According to a Moody’s report, renters across the country owed around $57 million in back rent from the pandemic.

“The COVID-19 pandemic has presented a historic threat to the nation’s public health,” CDC Director Dr. Rochelle Walensky said in a statement. “Keeping people in their homes and out of crowded or congregate settings—like homeless shelters—by preventing evictions is a key step in helping to stop the spread of COVID-19.”

According to the Census Bureau, more than 8 million Americans are currently behind on their rent. Additionally, studies have shown that evictions lead to the spread of COVID-19 as those evicted are forced to move into crowded spaces with family.

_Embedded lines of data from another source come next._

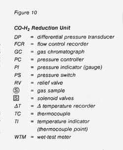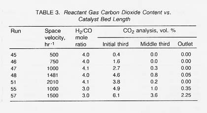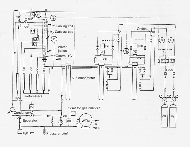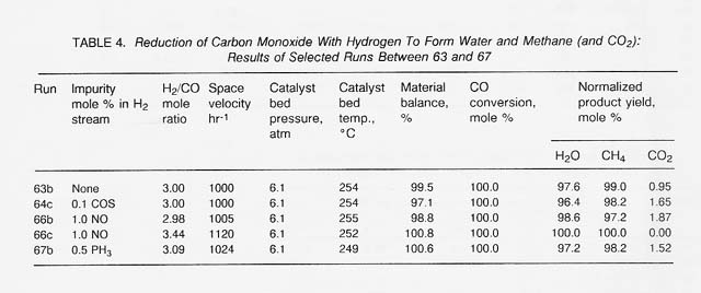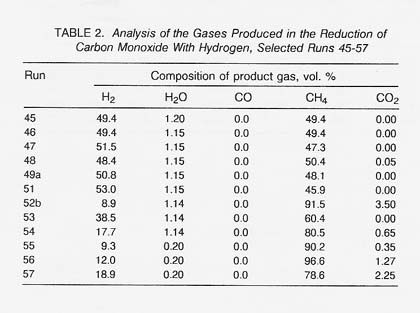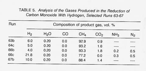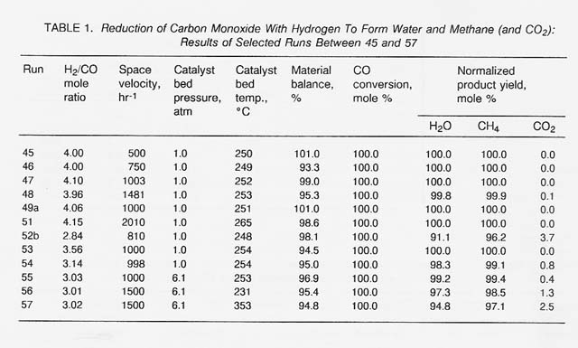The reduction of carbon monoxide with hydrogen to form methane and water was studied using a nickel-on-kieselguhr catalyst. A schematic flow diagram of the hydrogen-carbon monoxide reactor used in this program is shown in figure 10. The data for these runs are presented in tables 1 to 5 and figures 11 to 13. The various parameters that were studied are discussed in the following paragraphs.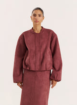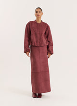 Street style influences meet polished design in the Lorna faux suede bomber. A piece that blends practicality with timeless design, it features an elasticated hem, cuffed sleeves, popper fastenings and a classic bomber-style collar. Crafted from an ultra-soft faux suede fabric, it pairs seamlessly with the Lorna maxi skirt for an elevated, off-duty look.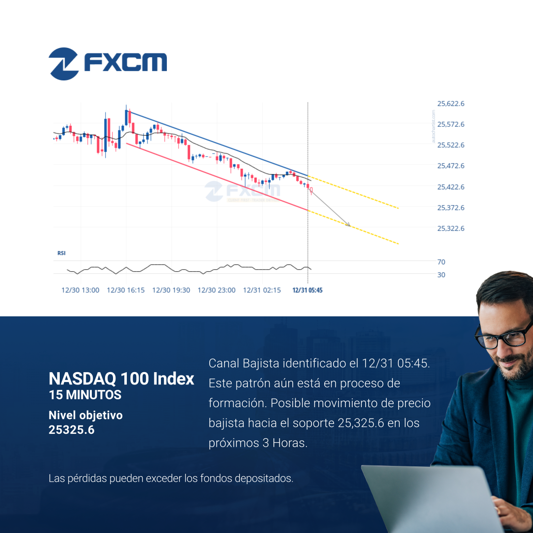 Canal Bajista identificado el 12/31 05:45. Este patrón aún está en proceso de formación. Posible movimiento de precio bajista hacia el soporte 25,325.6 en los próximos 3 Horas.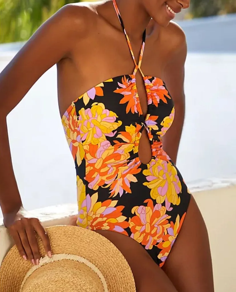 — Unworn, hygienic liner still attached Black with lilac purple orange yellow floral print US 4 or... Show more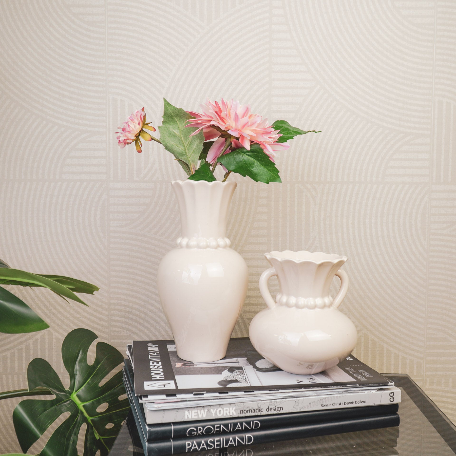 Styling tip: De beige parel vaas is een prachtige basic waarmee vele kleuren gecombineerd kunnen worden. Ga voor felle kleuren of juist rusitge lichte kleuren: alles kan!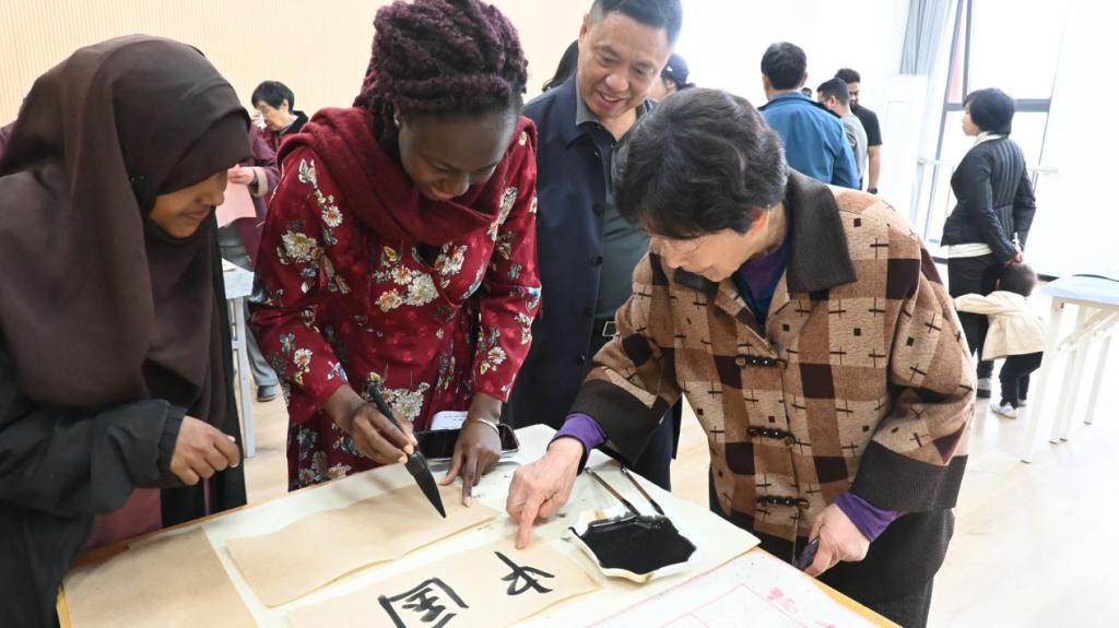 開幕式結束后,嘉賓與觀眾觀摩了獲獎書法作品并參與書法交流活動。參展作品涵蓋中、英、俄等多語種創(chuàng)作,既有傳統(tǒng)詩詞的筆墨神韻,亦融入了現(xiàn)代語言的創(chuàng)新表達,展現(xiàn)了書法藝術的多元生命力。書法交流活動現(xiàn)場,吸引了不少留學生參與學習交流,他們用書法文字,表達了對中國和中國人民的美好祝福。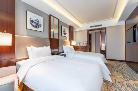 整体很满意,酒店设施很齐全,健身房里面的器材也很多,洗衣房也很不错,洗好衣服服务员还会帮送至房间,点赞👍房间床品很舒适,我们休息的也很好。酒店的位置距离高速口很近,下高速就到了,环境还不错,尤其是晚上俯瞰整个酒店,亮化太棒了👍酒店停车也很方便。前台的服务更是没得说,全程都是微笑着服务,办理入住也很快,退房还送了水果和咸鸭蛋,还有温的矿泉水,是个很满意的住宿体验,下次过来一定还会选择这个酒店。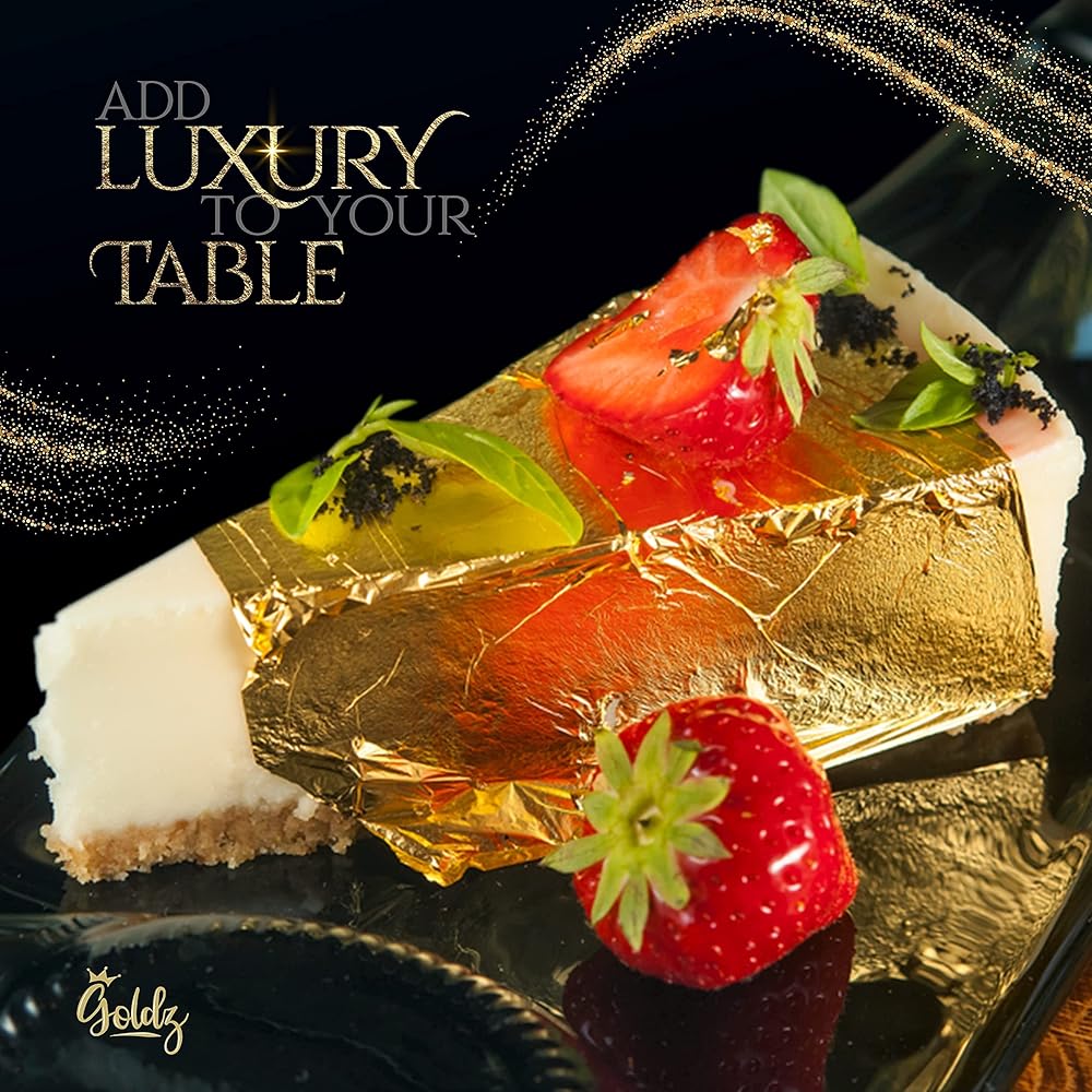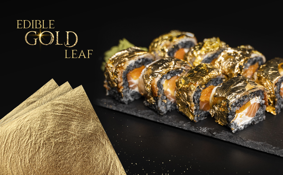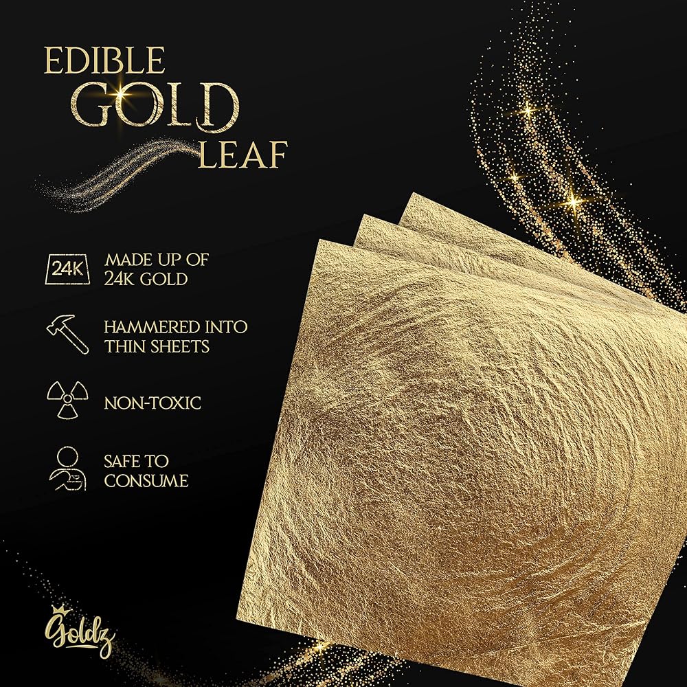 زينة للطعام والشراب - أوراق ذهبية 24 قيراط صالحة للأكل - أوراق ذهبية صالحة للأكل، لذلك يمكن استخدامها على نطاق واسع كديكور للطعام. يمكنك تزيين المخبوزات والكعك والحلوى والمعجنات والبسكويت والكب كيك بأوراق ذهبية، وستضيف لمسة من الفخامة إلى طاولة الطعام الخاصة بك.

Housing advocates have argued that letting the moratorium expire would result in a tidal wave of eviction proceedings and Americans thrown on the streets. However, landlord trade groups have argued against the moratorium extensions saying landlords are also suffering and the government isn’t thinking about them.

According to CNBC, the eviction ban has hurt single-family rental homeowners. Sixty-six percent of single-family rental homeowners have not been able to collect rent due to the moratorium and 11% of these homeowners have already sold a rental property.